(Data for this task Opens)

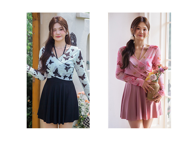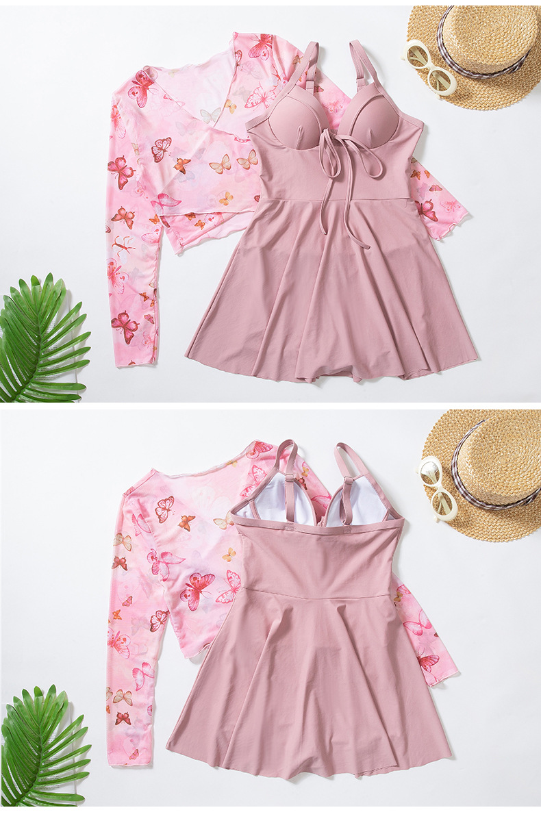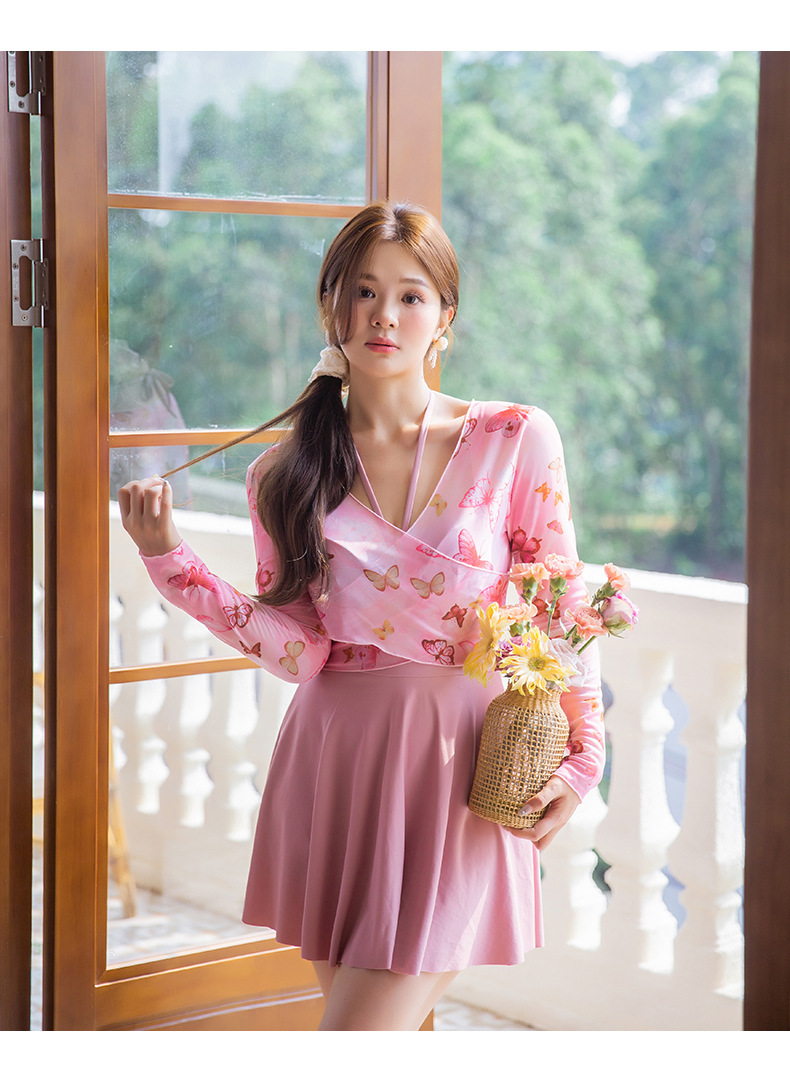 플러스 사이즈 수영복 여성용 긴 소매 통통 mm200 진 하이 엔드 섹시 슬링 서스펜더 세트 스틸 지원 모임 온천 세트
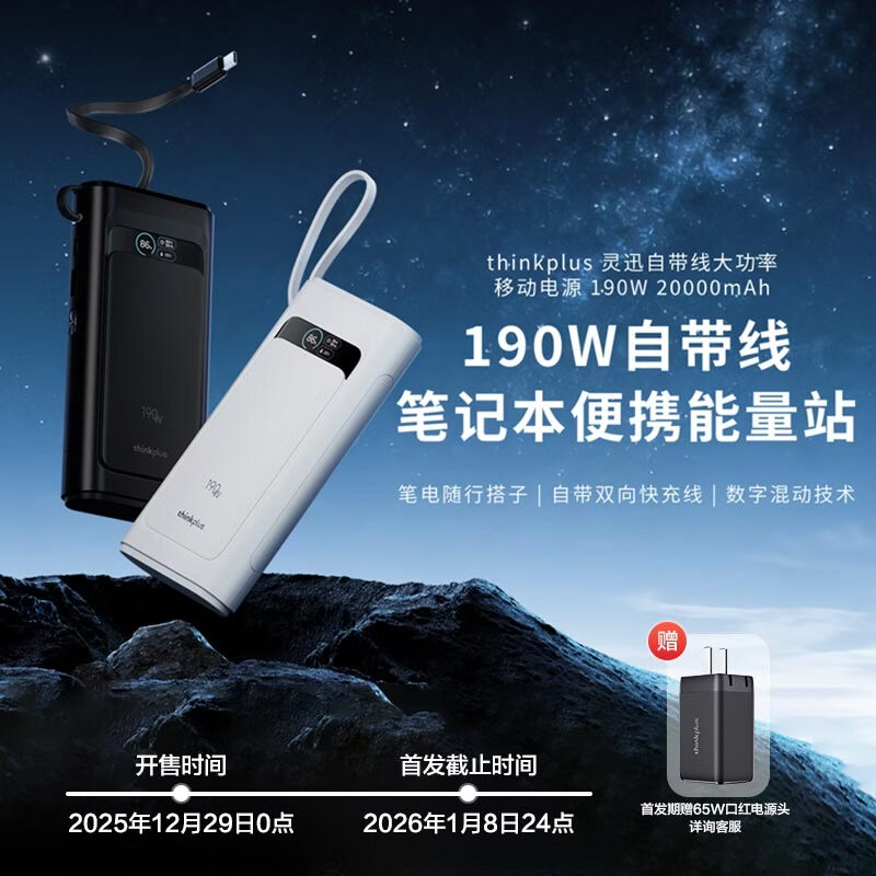 12 月 26 日消息,联想现已推出一款 thinkplus 灵迅自带线移动电源,该产品内置 20000 毫安时电芯,提供 190W 功率,采用 2C + 1A 设计,定价 259 元,将于 12 月 29 日开售,2026 年 1 月 8 日 24 点前购买可获赠 65W thinkplus 充电头。
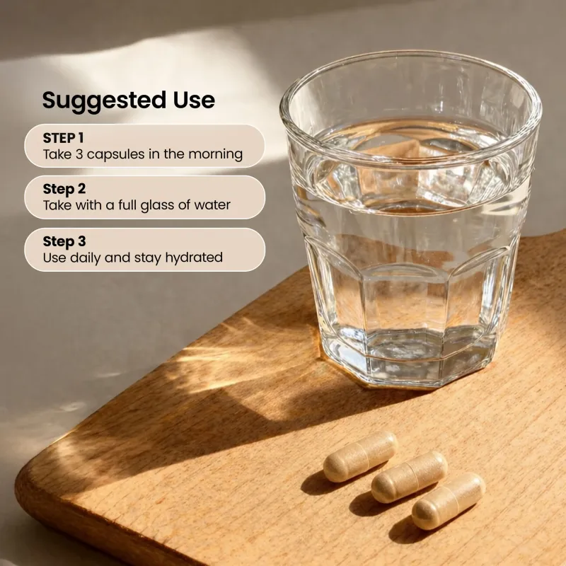 Suggested Usage: Take 3 capsules through the day with 12 fl oz of water or more each time.
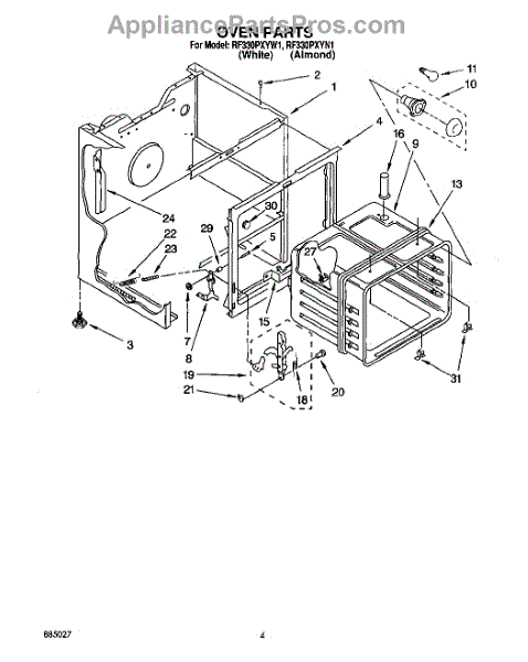 Parts for Whirlpool RF330PXYN1: 03 - Oven Parts
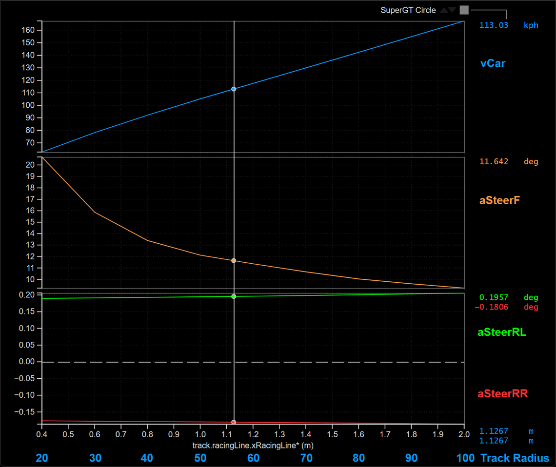 Moving the sliders to the extremes of track radius, the optimum rear steering angle changes in the interactive graph below.

(Data for this task Closes)

**Exercise objective:** A faithful copy of the data above is wanted, with every image left out.

**Response box:**
 플러스 사이즈 수영복 여성용 긴 소매 통통 mm200 진 하이 엔드 섹시 슬링 서스펜더 세트 스틸 지원 모임 온천 세트
 12 月 26 日消息,联想现已推出一款 thinkplus 灵迅自带线移动电源,该产品内置 20000 毫安时电芯,提供 190W 功率,采用 2C + 1A 设计,定价 259 元,将于 12 月 29 日开售,2026 年 1 月 8 日 24 点前购买可获赠 65W thinkplus 充电头。
 Suggested Usage: Take 3 capsules through the day with 12 fl oz of water or more each time.
 Parts for Whirlpool RF330PXYN1: 03 - Oven Parts
 Moving the sliders to the extremes of track radius, the optimum rear steering angle changes in the interactive graph below.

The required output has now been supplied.